Acute efficacy and safety of intravenous administration of nicorandil in patients with acute heart failure syndromes: usefulness of noninvasive echocardiographic hemodynamic evaluation.

This study was conducted to evaluate the acute efficacy and safety of intravenous administration of nicorandil in patients with acute heart failure syndromes (AHFS), under noninvasive hemodynamic assessment with transthoracic Doppler echocardiography.

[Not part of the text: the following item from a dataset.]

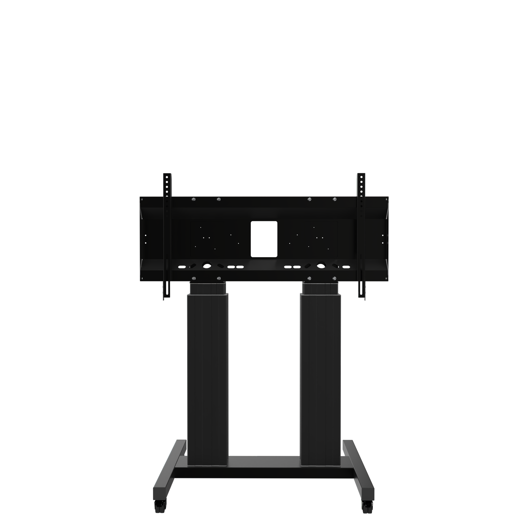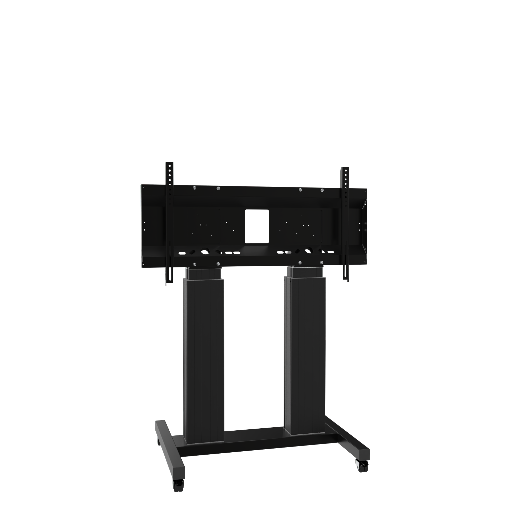 Elektrisch in hoogte verstelbare verrijdbare tv standaard met XL-frame voor het plaatsen van displays. De verrijdbare tv standaard is ontworpen voor gebruik met interactieve touchscreen-displays. De elektrisch in hoogte verstelbare trolley wordt geleverd met een extra brede displayhouder. De mobiele monitorstandaard is uitgerust met twee gemakkelijk telescopische mastkolommen met een hoogteverstelling van 50 cm. Er zijn optionele handgrepen beschikbaar voor montage aan de linker- en rechterkant van het display voor een gemakkelijke en veilige verplaatsing van het rolstatief. Het product wordt gedemonteerd geleverd in vier verpakkingseenheden en kan per pakketdienst worden verzonden.

After baseline hemodynamic measurements, initial bolus and 48-hour continuous intravenous nicorandil infusion were begun in 14 hospitalized patients with AHFS. After 2-hour infusion, estimated pulmonary capillary wedge pressure was reduced from 21.4 +/- 6.4 to 17.5 +/- 5.2 mm Hg (P < 0.05) and was sustained for 48 hours to 16.2 +/- 5.5 mm Hg (P < 0.05). A significant increase in estimated cardiac output was observed at 2 hours, from 4.0 +/- 1.0 to 4.8 +/- 1.3 L/min (P < 0.05). This increase was sustained for 48 hours to 5.8 +/- 1.8 L/min (P < 0.05). The high blood pressure (BP) group (baseline systolic BP > or = 140 mm Hg, n = 7) exhibited significant decrease in systolic BP (from 156.7 +/- 14.2 to 135.4 +/- 13.3 mm Hg, P < 0.05). In contrast, there was no change in systolic BP in the low BP group (baseline systolic BP < 140 mm Hg, n = 7) over 48 hours (from 107.6 +/- 20.4 to 107.7 +/- 17.4 mm Hg, P = not significant). The results of this study demonstrate the acute hemodynamic efficacy and safety of intravenous administration of nicorandil and also suggest the usefulness of noninvasive echocardiographic hemodynamic evaluation in the urgent phase of AHFS.